© JUNGE FREIHEIT Verlag GmbH & Co. www.jungefreiheit.de 04/06 20. Januar 2006

Vorgeschobener Posten
Fundstelle Festschrift: Ernst Jünger und die Justiz an der Jade
Wolfgang Müller

Wer vermutet in einer Festschrift unter dem Titel "Tota Frisia in Teilansichten", gewidmet Hajo van Lengen, dem Direktor der Ostfriesischen Landschaft in Aurich, eine ausführliche Studie über Ernst Jünger?

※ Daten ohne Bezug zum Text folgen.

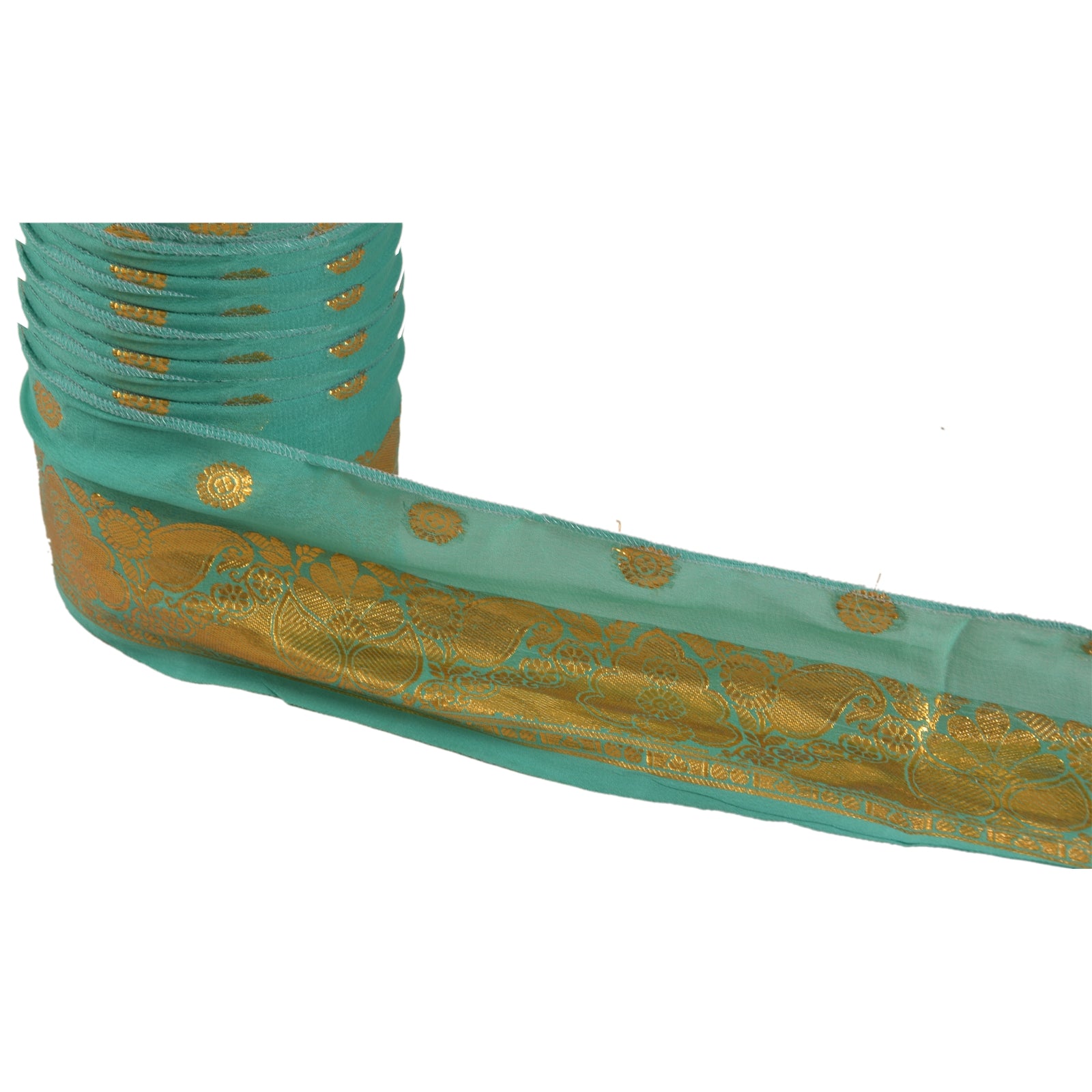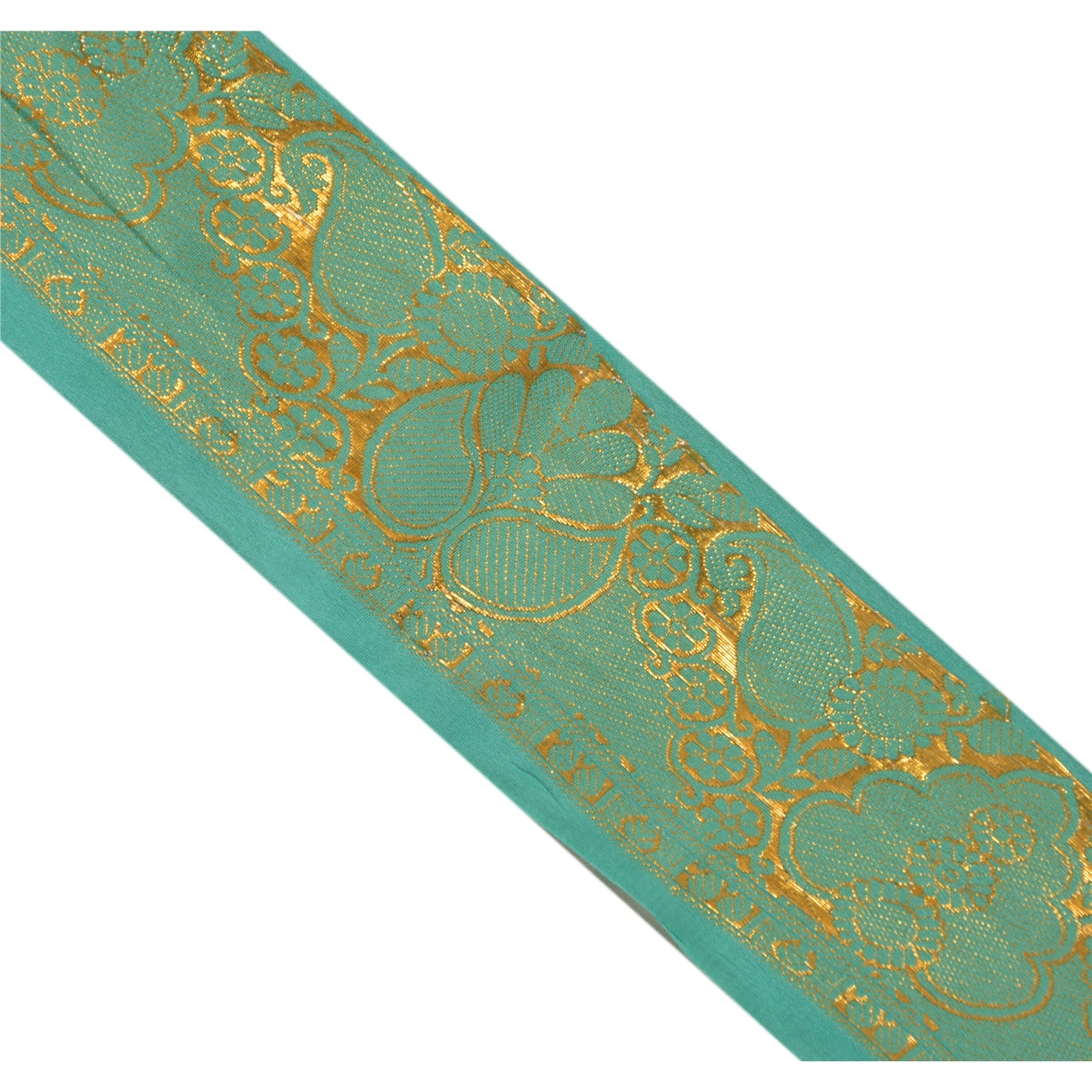 Wonderful pure silk woven sari border in green color highlighting woven work. Border has beautiful floral & paisley patterns painstakingly golden weaving work. WOW!! an awesome one of a kind versatile border. 1 Quantity = 1 Yard

Den Autor der "Marmorklippen", passionierten Leser und Antiquariatskunden, auf subtiler Jagd nach entlegenen Lektüren nie einem literarischen "Kanon" folgend, hätte es jedenfalls gefreut, sich an so versteckter Stelle entdecken zu können.

Der Festschrift-Beitrag von Martin Tielke ("Der Schmerz als Währung unserer Zeit. Ernst Jünger in Wilhelmshaven") nimmt seinen Ausgang mit einer heimatkundlich-akribischen Rekonstruktion der Umstände, die Jüngers Sohn "Ernstel" und Wolf Jobst Siedler 1944 in die Gefahr eines Todesurteils brachten. Wenn die beiden Marinehelfer ihre "defaitistischen" Äußerungen nur mit Gefängnisstrafe und Frontbewährung büßten, war das Jüngers glänzenden Verbindungen und, wie Tielke nachweist, der gewöhnlich nicht zimperlichen "Justiz an der Jade" unter dem "weißen", nicht-nationalsozialistischen Gerichtsherrn Admiral Ernst Scheurlen zu verdanken.

Daß Jüngers Sohn dann im November 1944 bei Carrara fiel, für den Führer, dessen Aufknüpfung er als Marinehelfer gefordert hatte, zählt für Tielke zu den Paradoxien des Weltbürgerkriegs, in dem der Vater einen "vorgeschobenen Posten" bezogen hatte. Jüngers "Grenzgängertum zwischen Leben und Tod", nach 1933 so gefährlich wie der Kampf in den "Stahlgewittern" des Ersten Weltkrieges, arbeitet Tielke facettereich heraus, gegen Kontrastfiguren wie Thomas Mann in seiner "Loge im sicheren Pacific Palisades", oder simplifizierende Interpreten wie Helmut Lethen, der, mit Blick auf sein Verhältnis zu den Exterminationen im Rücken der Ostfront, Jünger gern zum Prototyp der empfindungslos "kalten Persona" stilisiert.